(Data excerpts):
= Beginning of Section =

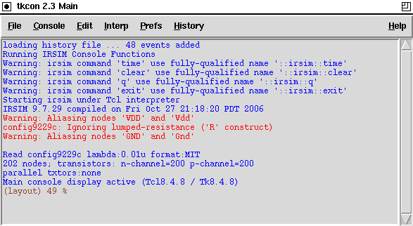 The IRSIM command console in the Tcl/Tk based version 9.7
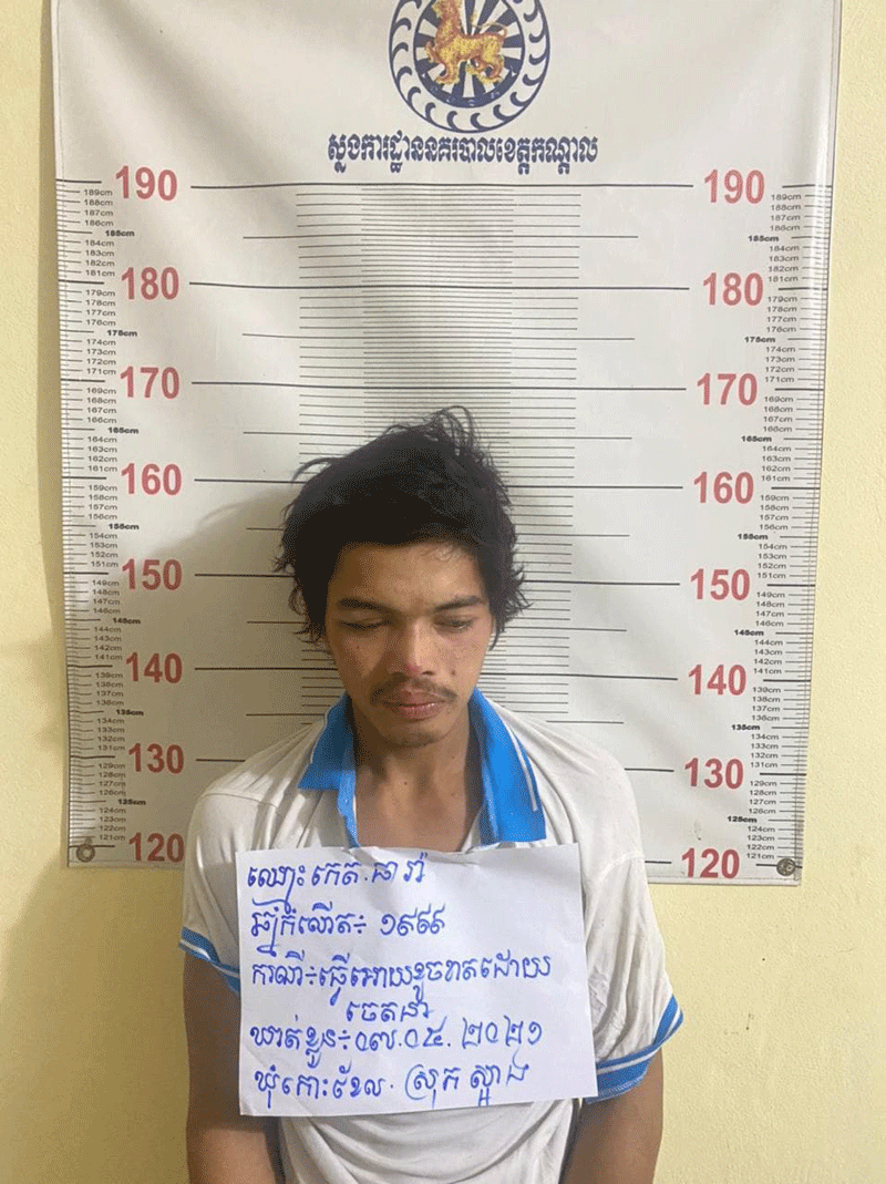 កណ្តាល ៖ យុវជនម្នាក់ត្រូវបានប៉ូលិសស្រុកស្អាងឃាត់ខ្លួន បន្ទាប់ពីវាយបំផ្លិចបំផ្លាញទ្រព្យសម្បត្តិនៅក្នុងផ្ទះដោយចេតនា កាលពីថ្ងៃទី ០៧ខែឧសភាឆ្នាំ២០២១វេលាម៉ោង៥និង ១០នាទីល្ងាច នៅចំណុចផ្ទះជនរងគ្រោះឈ្មោះម៉ែនខុមស្ថិតនៅភូមិព្រែកកែវ ឃុំកោះខែល ស្រុកស្អាងខេត្តកណ្ដាល។
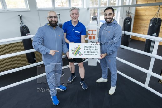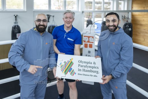 Bewerbung Olympische und Paralympische Spiele in Hamburg, v.l. Robert Harutyunyan, Christian Poon (Vorstand, Hamburger Sportbund HSB), Artem Harutyunyan
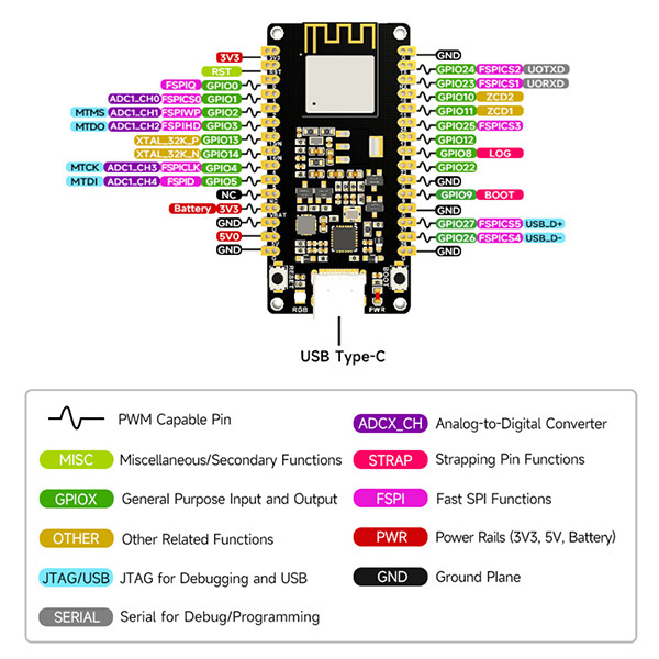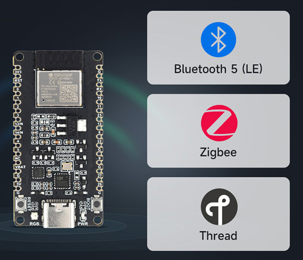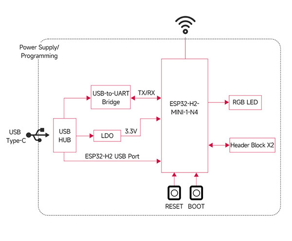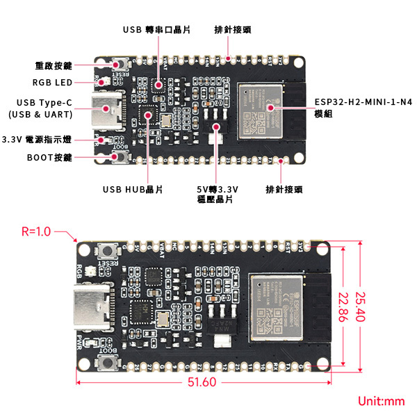 在硬體上,採用ESP32-H2-MINI-1-N4 模組,其搭載有RISC-V 32 位元單核心處理器, 支援高達96MHz 主頻,內建4MB Flash,整合了豐富的周邊,包括SPI、 UART、I2C、I2S、LED PWM、ADC 等介面;也板載CH343 串列埠和CH334 USB HUB 雙晶片,可透過一個USB-C 介面進行USB 和UART 使用和開發,接腳介面相容於ESP32-H2-DevKitM- 1 開發板,可相容於擴充多種週邊設備,使用更方便。
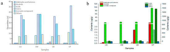 A total of 73 volatile components were detected within FG (including the internal standard). Among these, 14 substances took center stage as the principal volatile components, encompassing ethyl hexanoate, ethyl octanoate, and caproic acid (Tables S1 and S2). In tandem, PM exhibited the presence of 65 volatile components, including caproic acid, acetic acid, and ethyl caproate (Tables S1 and S2). Significantly, the concentrations of acids and esters within PM surpassed those evident in the diverse FG samples. Among these, 26 volatile components were common to both FG and PM samples, whereas 54 volatile components were shared among distinct FG samples. However, it’s noteworthy that the CB and PM samples presented 32 shared volatile components, signifying the influence of FG components from the lower strata of the fermentation cellar on the volatile makeup of PM. The volume and composition of volatile components within PM emerged as the most prominent among the quartet of sample types, with CB boasting the highest alcohol content among the three FG samples (Figure 5a,b).
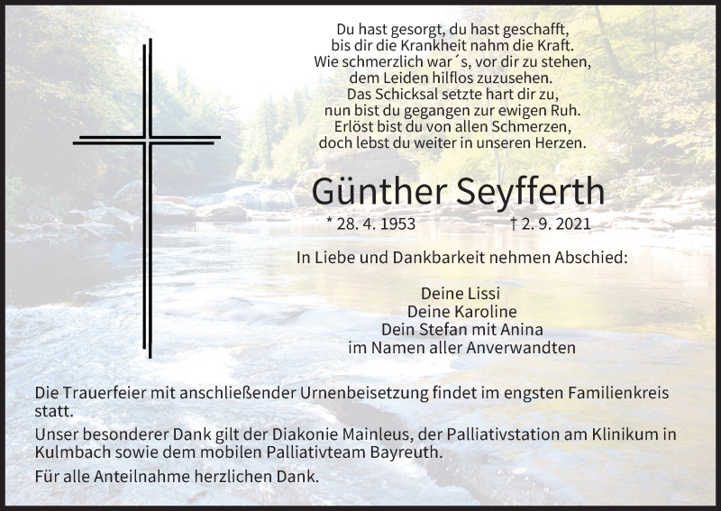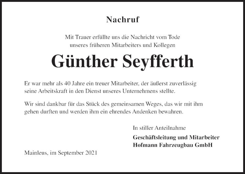 Hier finden Sie alle Traueranzeigen aus der Zeitung, die bisher für Günther Seyfferth erschienen sind. Weitere Traueranzeigen, die in der Zeitung erscheinen, werden hier ebenfalls aufgelistet
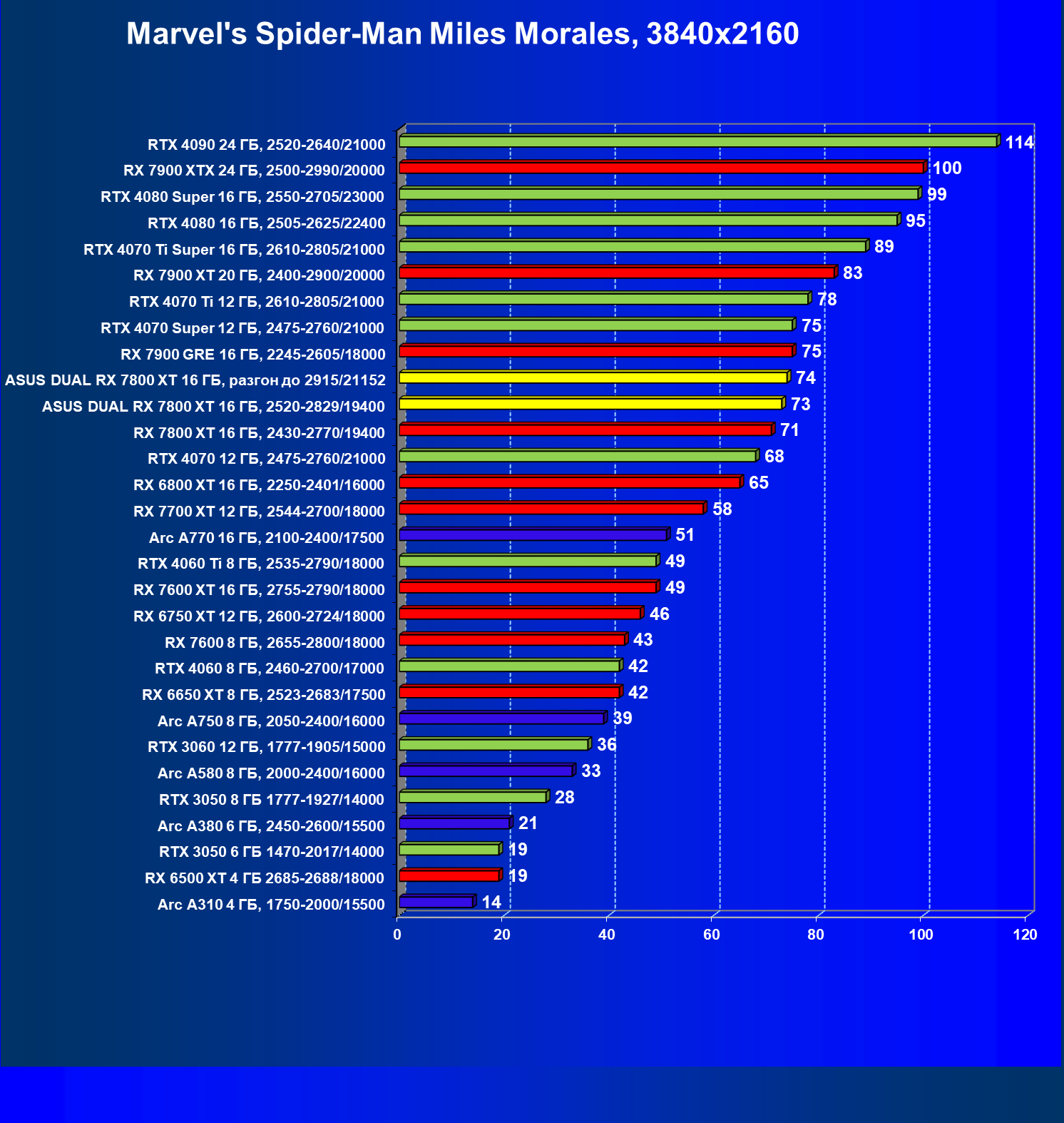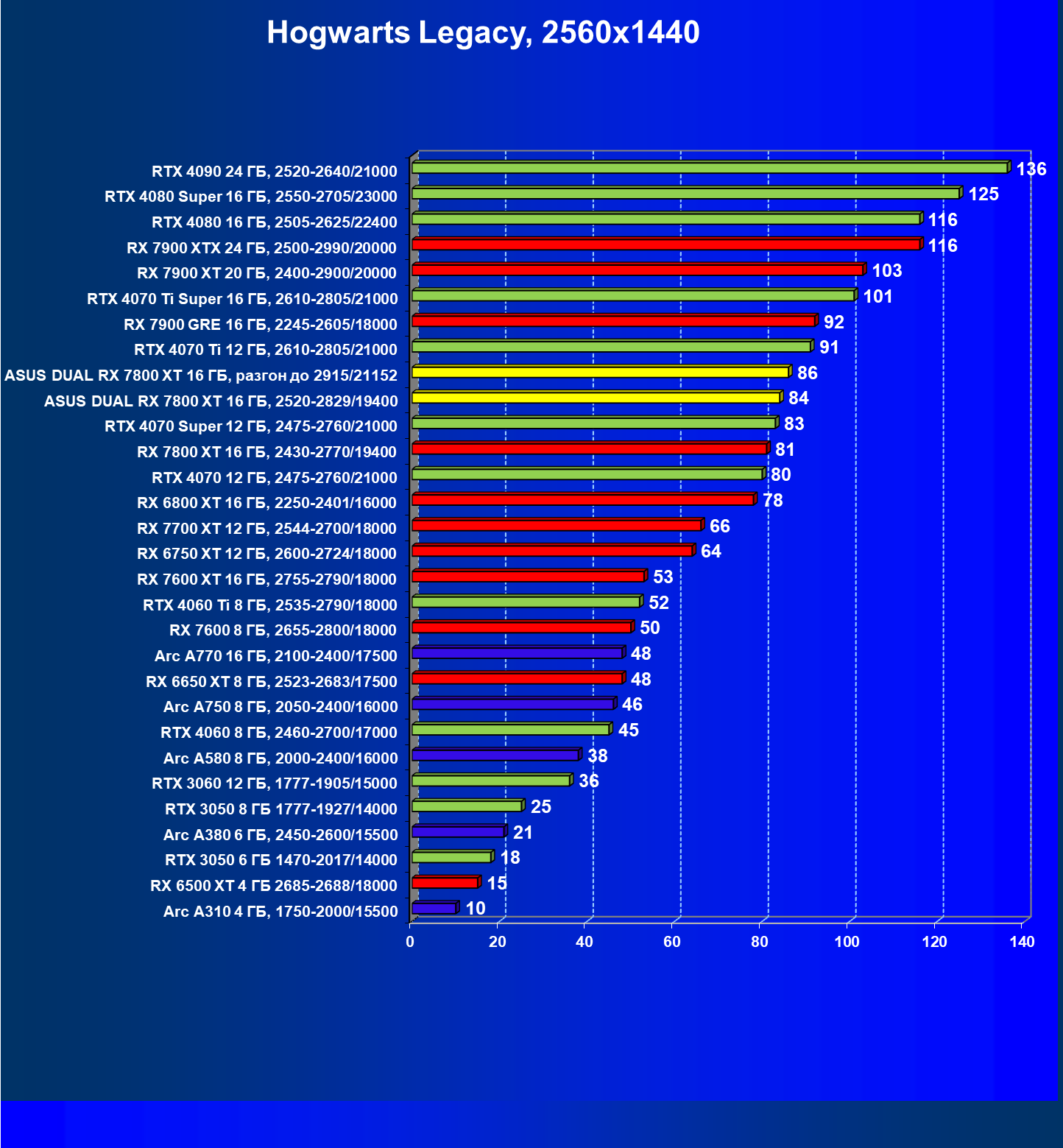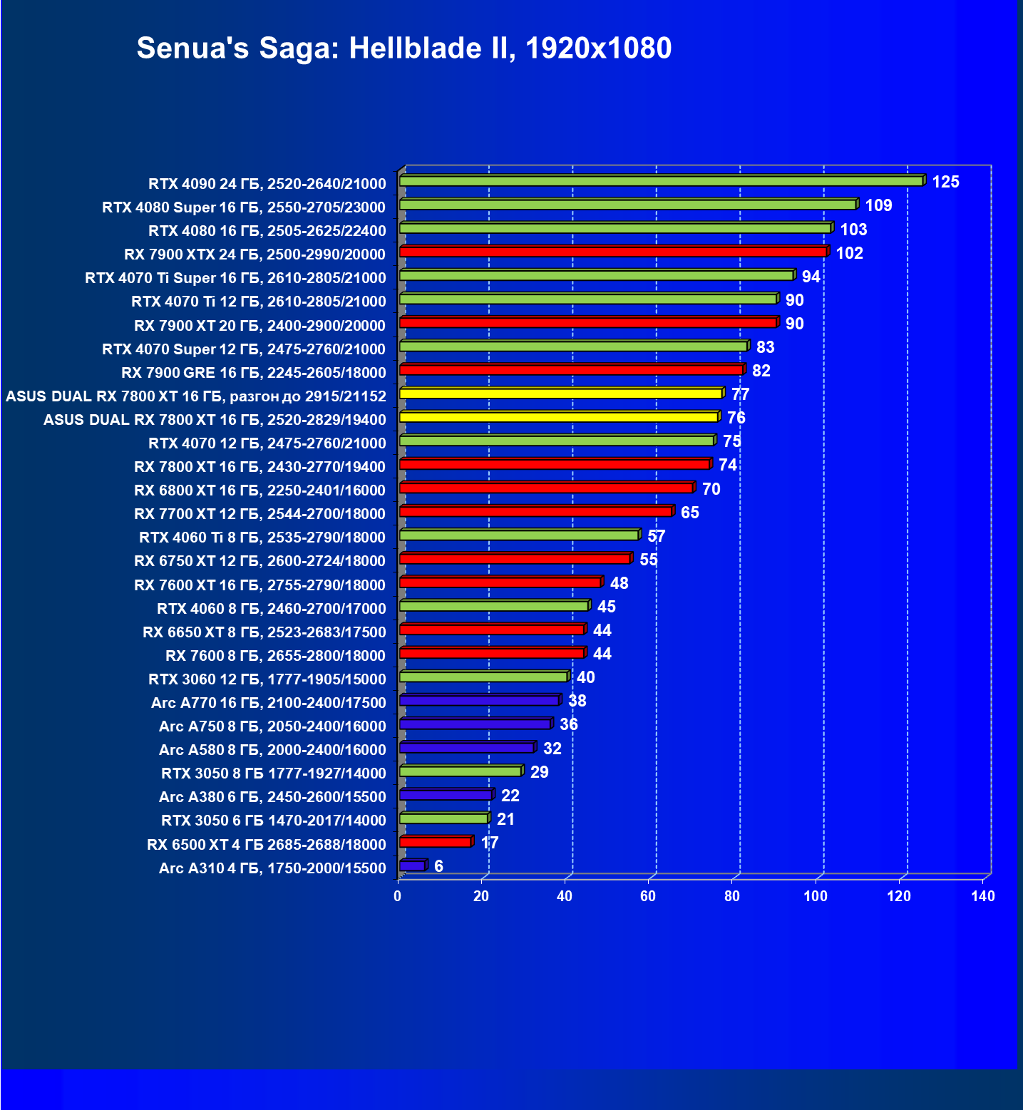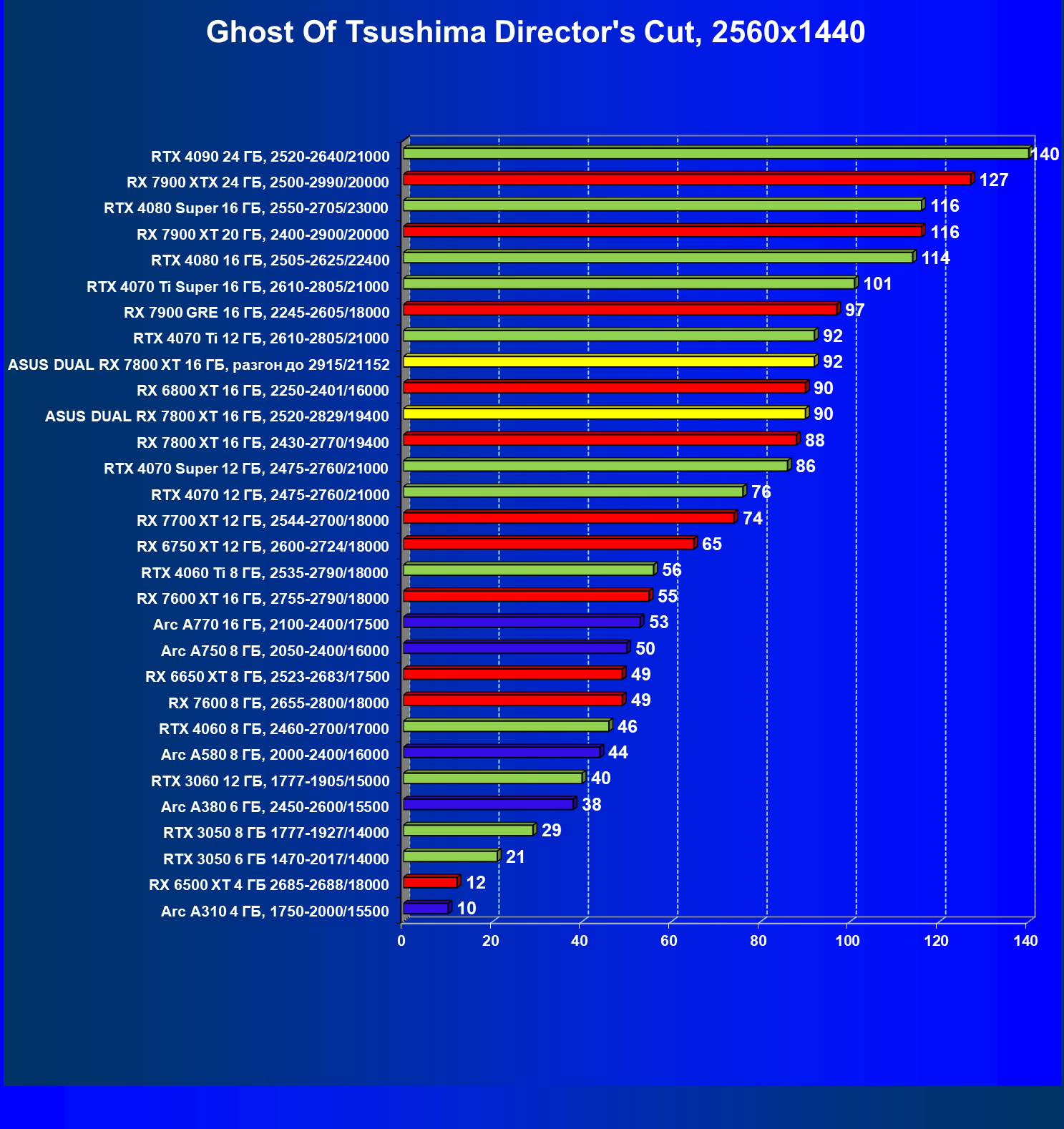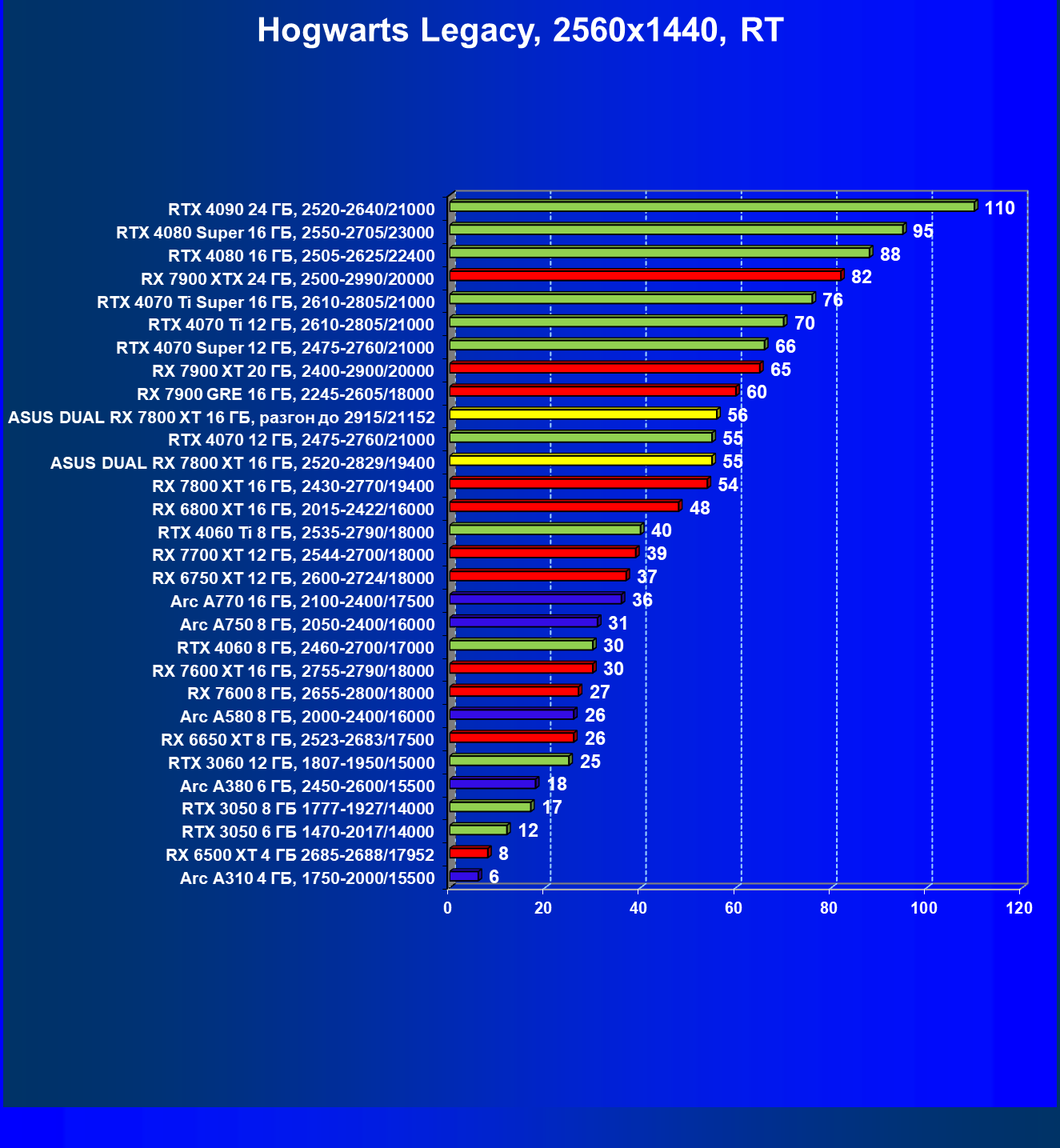 | 14 | RX 7800 XT 16 ГБ, 2430—2770/19400 | 1684 | 295 | 57 000 |

= End of Section =

Please transcribe exactly the lines from the one containing "Hier finden Sie" through the last line of the records above, both included, and leave out every picture.

 Hier finden Sie alle Traueranzeigen aus der Zeitung, die bisher für Günther Seyfferth erschienen sind. Weitere Traueranzeigen, die in der Zeitung erscheinen, werden hier ebenfalls aufgelistet
 | 14 | RX 7800 XT 16 ГБ, 2430—2770/19400 | 1684 | 295 | 57 000 |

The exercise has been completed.